その後の愛憎
俺は横たわる女の頬を叩く。まだ息はあるが、返事はできなくなっているようだ。
「あばよ。わがままなお嬢さん」
俺の人生を滅茶苦茶にしてくれた、自分の事だけが大切な怪物。
こんな女は死んだ方が世のためだ。
ふうと深く息を吐いてから、俺は良き夫の仮面を被った。
「ああ、誰か来てくれ! 妻の様子がおかしいんだ」
手当の甲斐なく妻は亡くなった。
舅の嘆きは深く、立派な葬儀が行われた。俺はしおらしく悲しんで見せた。
赤ん坊は乳母が世話をしている。
一段落した頃、舅である公に呼び出された。
そろそろ屋敷を出て行けと言う話だろうか。予想どおり、「共に赤ん坊を育てていこう」などと言われることはなく、俺はすることもなく日々を過ごしていた。今までは、お茶に買い物に外出に……本当に男妾のような生活を強いられてきたのだな。

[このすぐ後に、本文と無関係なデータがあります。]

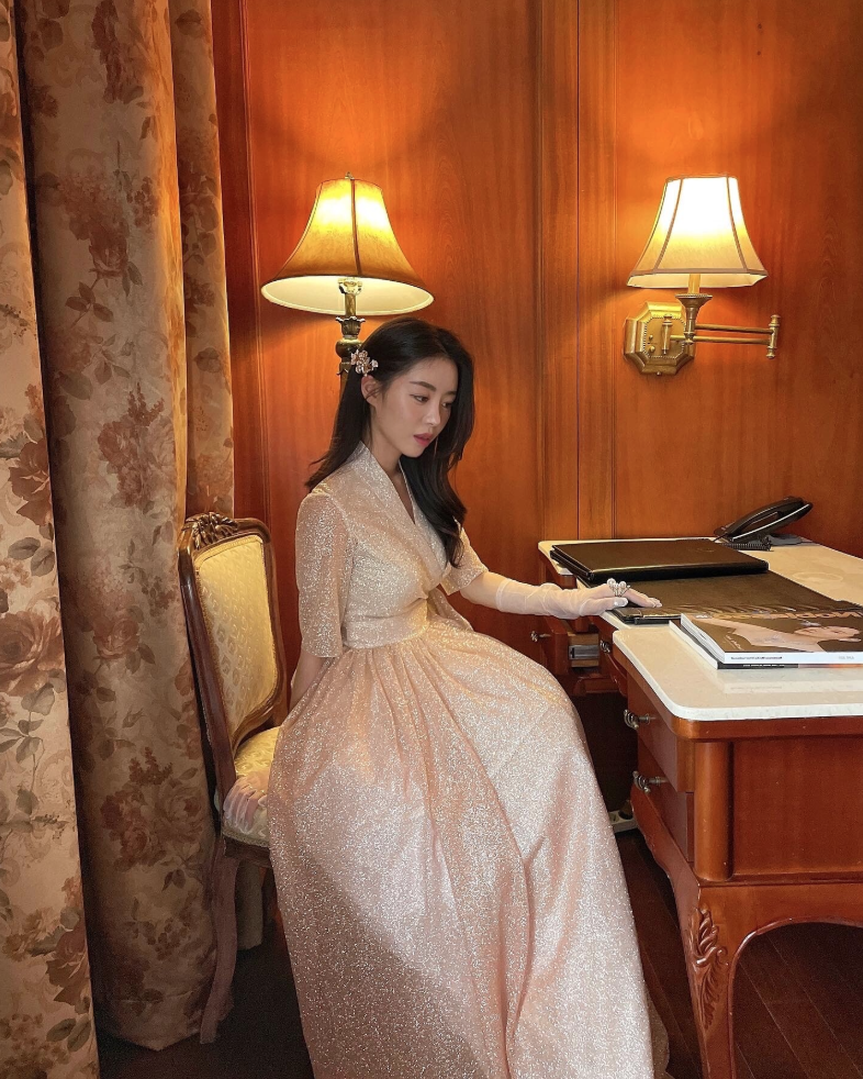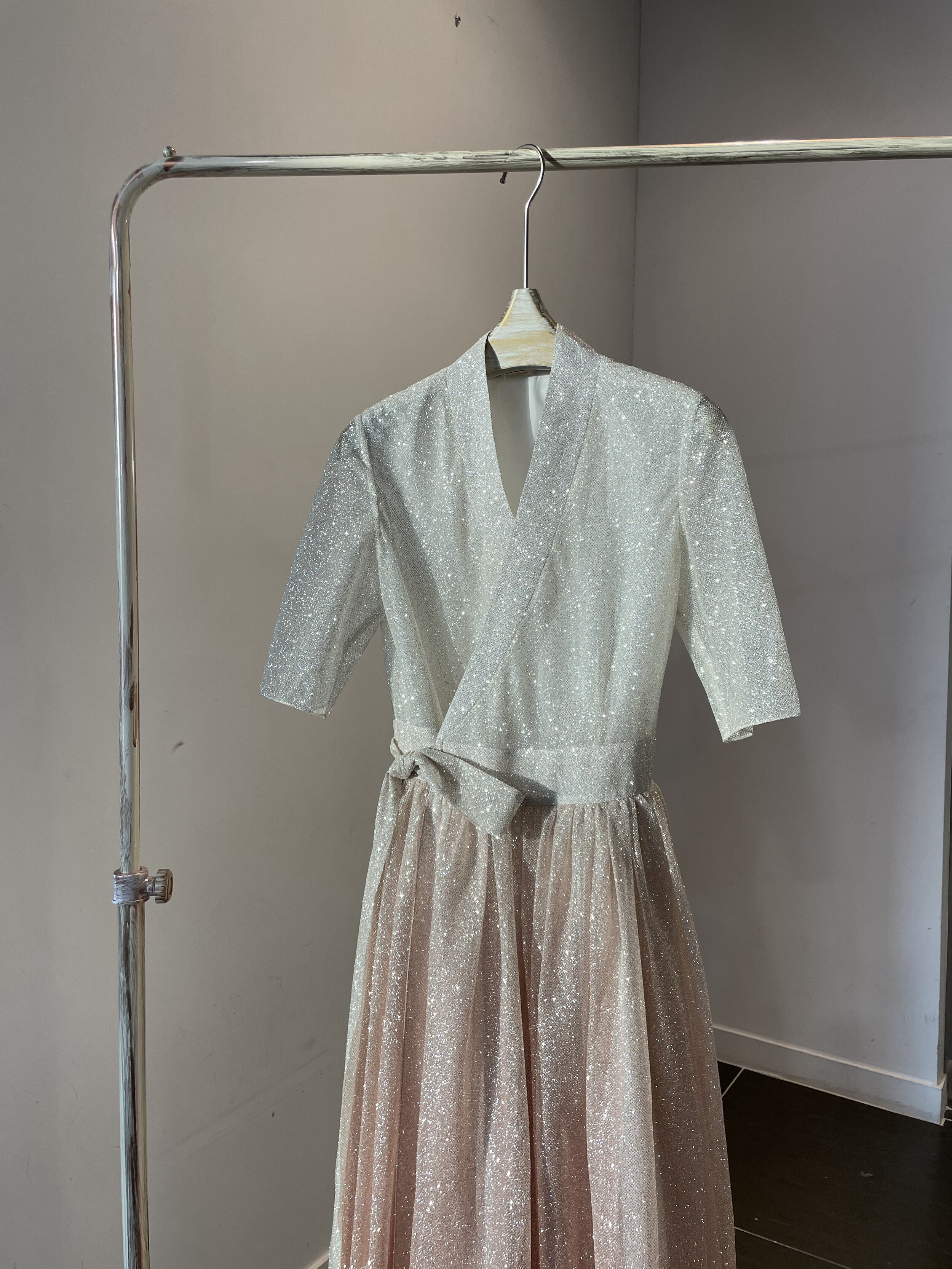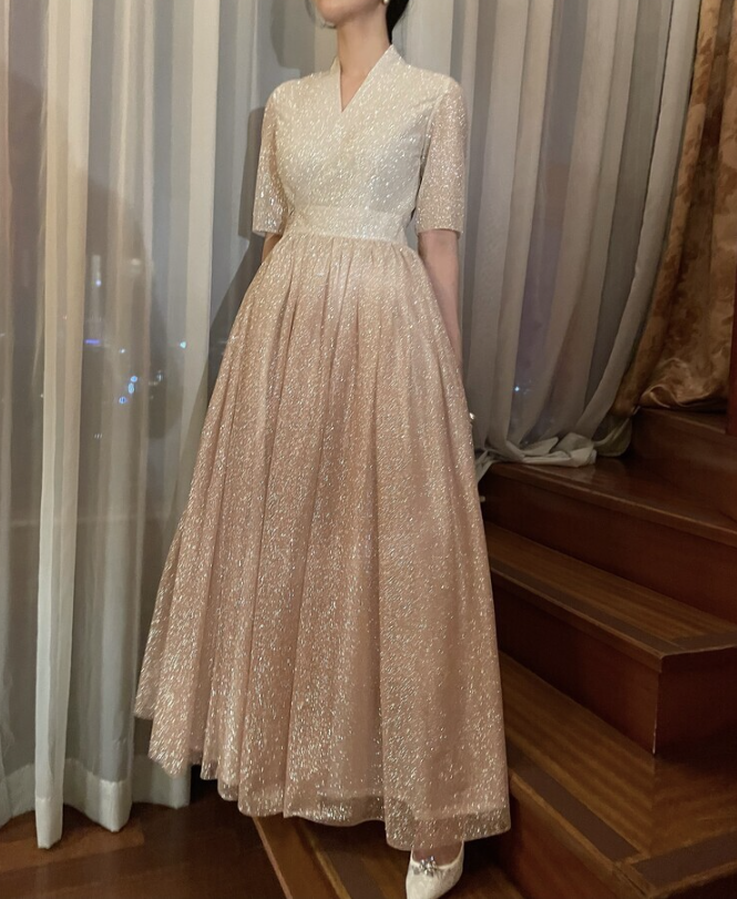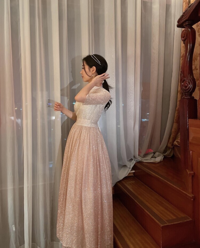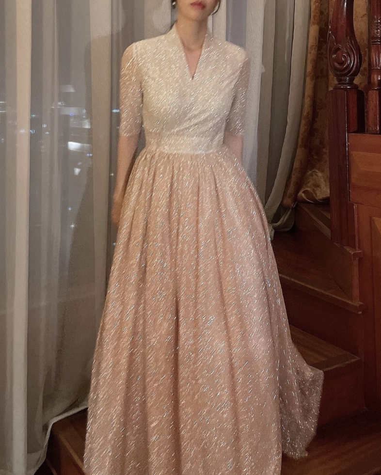 This semi-dress is crafted from a subtly shimmering glitter fabric and features a refined wrap silhouette inspired by the traditional Korean dongjeong neckline. The top is rendered in an ivory tone with delicate sparkles that cascade softly, adding an elegant and modern touch. Below the waist, the full pleated skirt fans out into a graceful A-line shape reminiscent of a hanbok, with a rose gold gradient that enhances its romantic appeal. The curved silhouette of the skirt moves beautifully with each step, catching the light and drawing the eye.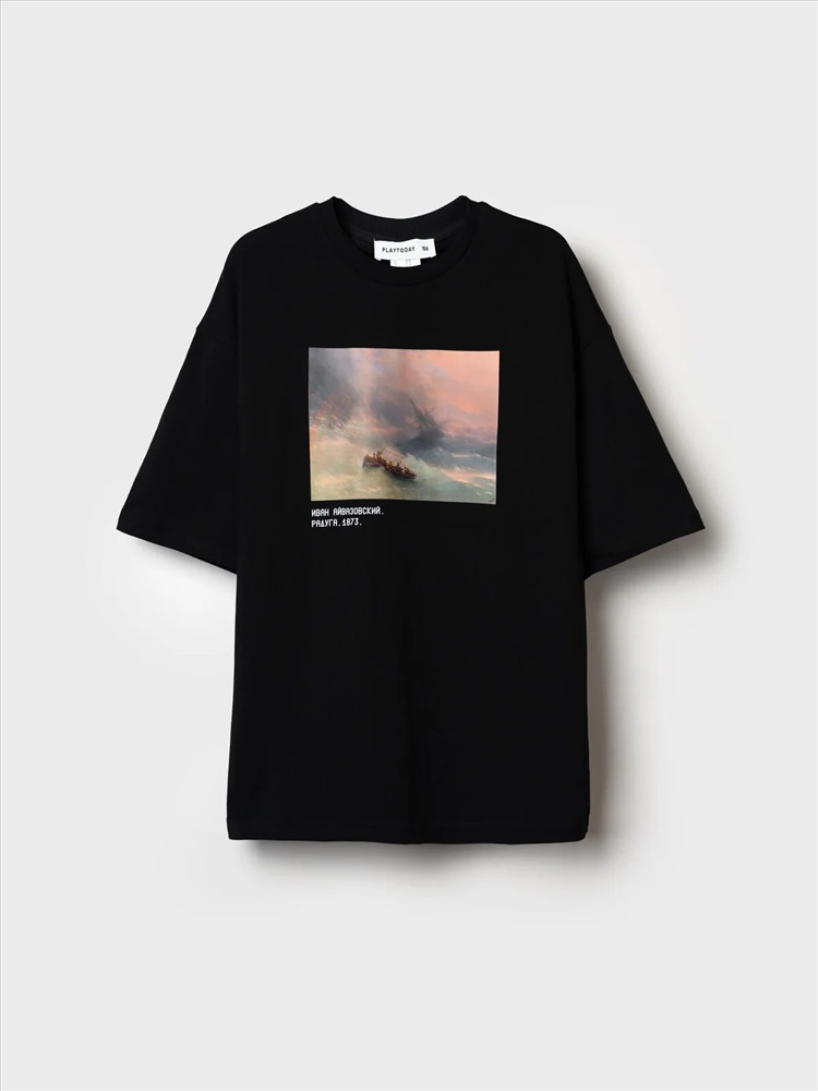 Футболка оверсайз для мальчика подростка. Модель выполнена из эластичного хлопкового трикотажа джерси. На груди изображена картина «Радуга» — российского художника-мариниста Ивана Айвазовского. Горловина круглая, обработана эластичным рибом.

その部屋は香が焚きしめられていた。むせかえるようだ。
道士がいて、大きな水晶玉と一抱えあるような壺を並べている。
「お前には、出ていく前に一仕事をしてもらう」
「なんでしょうか」
俺は頭を軽く下げ、顔の前で手のひらを上下に重ねて、敬意を表す。
「お前の魂を使い、時を巻き戻す。
お前と出会わなければ、あの子は儂の選んだ男と結婚するだろう。手塩にかけた娘が不幸になることを望む親などいない」
公は表情を消して、そんなことを言った。
あいつが死んだのに、まだ俺を振り回すつもりか。
「それなら……私との結婚を諦めるように説得してくださればよかったではないですか!」
礼儀を忘れて、俺は叫んだ。
「なぜだ? あの子の望みを叶えるのが最優先だ。私にはあの子を幸せにする義務がある」
傲岸不遜な態度で、公は俺を睥睨した。
俺は目眩を覚えて、膝をついた。
「やっと香が効いてきたか」
「安心しろ。お前の幼なじみもこの壺の中だ。お前たちは、この中で混じり合う。喜ぶがいいぞ」
道士がにやりと口の端を吊り上げた。
舅は涙を流しながら、棍棒で殴りかかってきた。先が太く、害獣を叩きのめすために使っているのを見かけたことがある。
恐怖と痛み。叫んでも、この屋敷に俺の味方など一人もいない。
「郡公。殴らなくても、もうその男は動けません。術で魂を抜きますから……」
道士が話しかけても、舅は答えない。鈍い打撃音が部屋にこもる。
道士は諦めて、何かを唱え始めた。陰鬱な声だ。
こうして、俺も殺された。
私は、なぜ自分が巻き戻ったのかを知らない。
気がついたら、夫となる男と出会う前に戻っていた。
私を殺したあの男を探したが、どうしても見つからない。
父に人探しをお願いしたが、進展がない。なにせ、なぜ探しているかを説明できないし、絵姿もないのだ。
無茶なことを言っているのは理解しているが、忘れて生きるというのは難しい。
出会わなかったことにして生きていく? そんな選択肢は、私の中になかった。
私にできることは男の生家のあたりをうろつくことくらいだった。
その家の使用人に銅銭を握らせたが、そんな男はいないと言われてしまった。そんなはずはない。
男の幼なじみの家にも行った。親同士の仲が良いので行き来はあるが、釣り合う年頃の子どもはいないという。あの忌々しい女もいないのかしら。
こうなってくると死に戻ったなんて、私の妄想かもしれないと不安になってくる。
けれど、私の腹には殴られた跡が、痣になって残っている。
彼を一目見て、愛しい方が強いのか、憎しみの方が強いのか確かめたい。
あれほど憎まれていると知っていたら、別の愛で方ができるかもしれない。
私は自分が屈辱の涙を流すことを想像して、ぶるりと震える。それも、また甘美……少しだけ、そんな予感がするのよ。
本気の憎悪をぶつけられて、ぞくぞくした。あんなに情熱的な人だとは思わなかった。
みすぼらしい幼なじみの女とは、人の良さそうな温い雰囲気を出していたから、私もそれに合わせていたのよ。
彼はあの女の前でも本性を隠していたのね。それを誰にも気付かせないとは、なかなかやるわ。
今度こそ、本当のあなたを見せて。
あの短い時間で、あんなに興奮したのですもの。次はもっと長く……いえ、もっといろいろな顔を見たいわ。
温く愛されるより激しく憎まれる方が、魂が繋がっている気がしない?
私の中では、彼に対する愛憎のどちらが強いのかしら。こうして想像しているだけでは、わからないわ。
ああ、早く見つけなければ。
そうして、今度こそ――私のものにする。